#### Data to examine
────
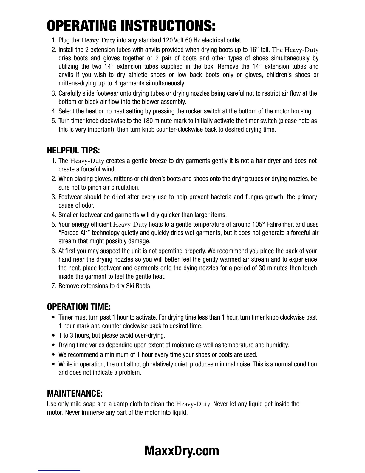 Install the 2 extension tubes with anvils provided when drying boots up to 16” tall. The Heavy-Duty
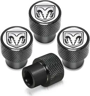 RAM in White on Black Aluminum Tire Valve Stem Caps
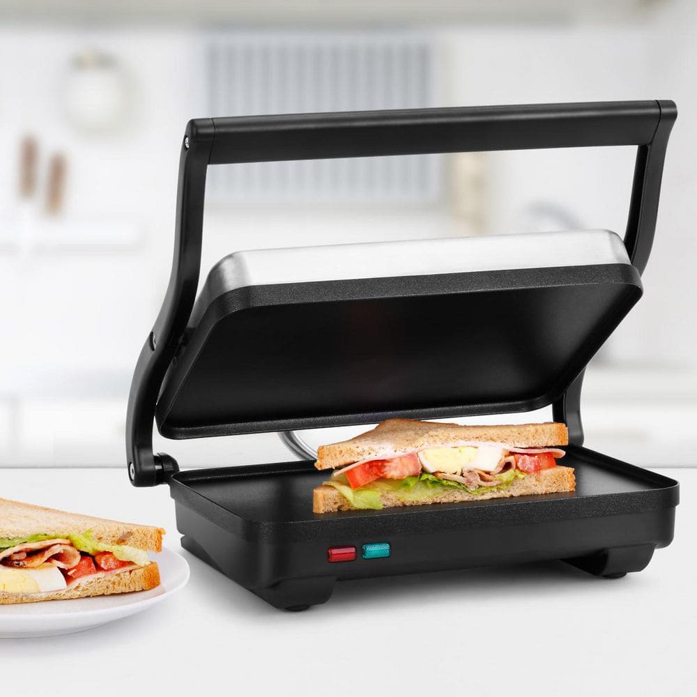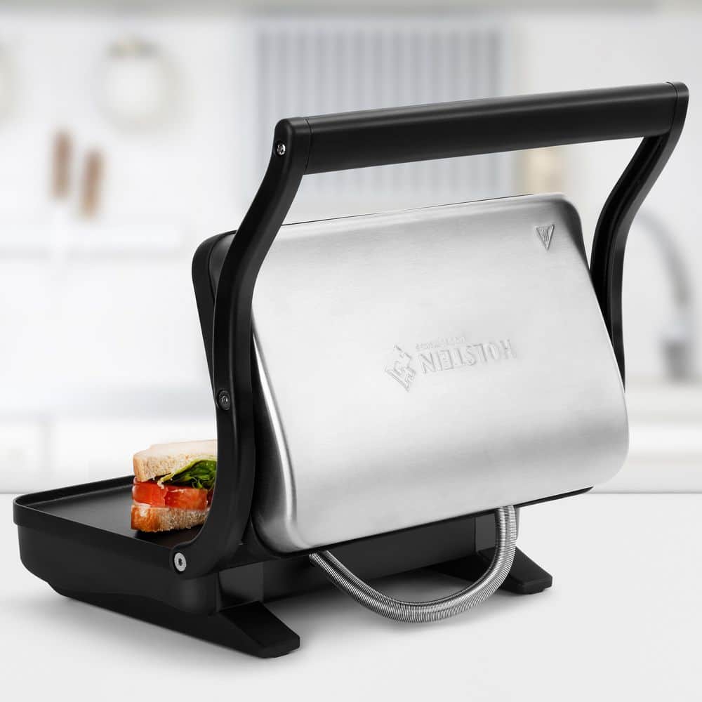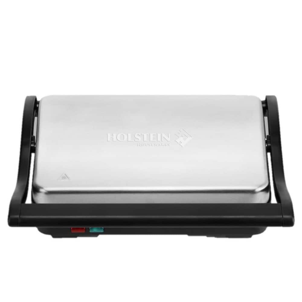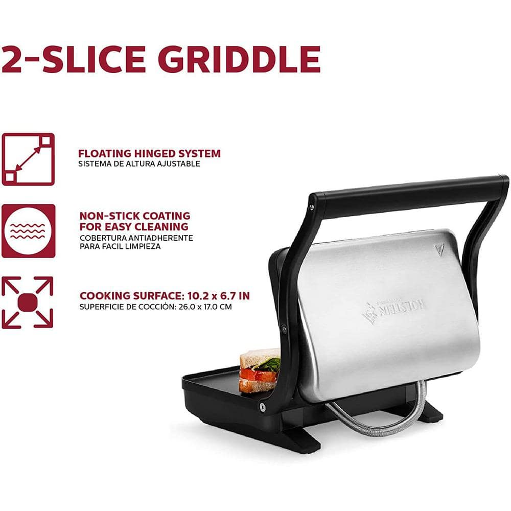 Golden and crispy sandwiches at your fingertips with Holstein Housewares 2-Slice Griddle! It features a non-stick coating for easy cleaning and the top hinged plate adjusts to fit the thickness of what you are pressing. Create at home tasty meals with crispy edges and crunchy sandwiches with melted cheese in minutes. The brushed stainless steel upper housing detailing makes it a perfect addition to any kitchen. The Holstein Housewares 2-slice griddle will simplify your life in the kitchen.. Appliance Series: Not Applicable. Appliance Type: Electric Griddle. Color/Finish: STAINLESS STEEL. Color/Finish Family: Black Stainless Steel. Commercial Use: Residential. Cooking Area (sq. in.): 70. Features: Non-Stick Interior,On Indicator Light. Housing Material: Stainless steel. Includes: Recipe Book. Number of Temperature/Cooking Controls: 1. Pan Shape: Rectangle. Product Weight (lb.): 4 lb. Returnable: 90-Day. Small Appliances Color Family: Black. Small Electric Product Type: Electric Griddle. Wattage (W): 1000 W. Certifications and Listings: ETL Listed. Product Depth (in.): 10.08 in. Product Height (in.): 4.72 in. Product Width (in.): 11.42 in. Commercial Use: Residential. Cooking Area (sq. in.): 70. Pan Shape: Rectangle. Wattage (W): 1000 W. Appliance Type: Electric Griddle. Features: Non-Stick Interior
────
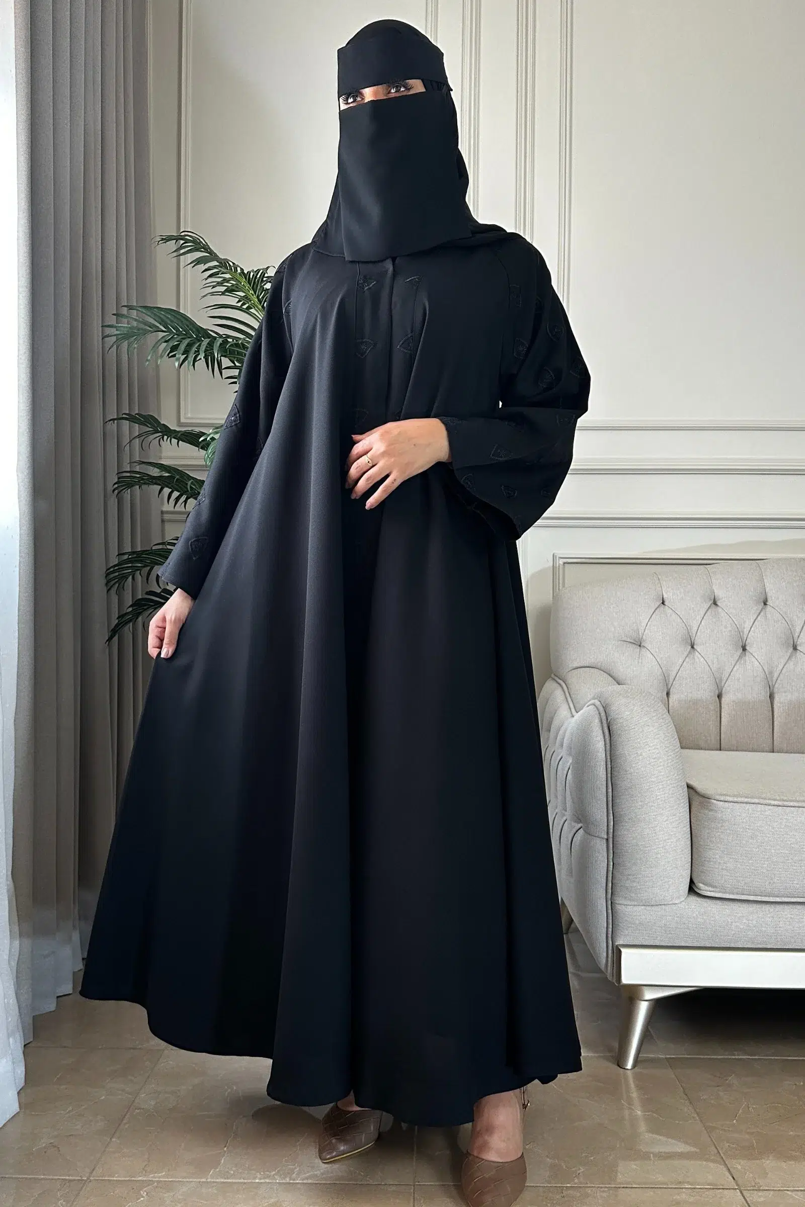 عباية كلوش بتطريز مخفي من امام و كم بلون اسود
────
#### Work item
From the records above, transcribe exactly the lines starting at the one containing "Install the 2" and ending at the one containing "RAM in White". Skip the pictures.

#### Task solution
 Install the 2 extension tubes with anvils provided when drying boots up to 16” tall. The Heavy-Duty
 RAM in White on Black Aluminum Tire Valve Stem Caps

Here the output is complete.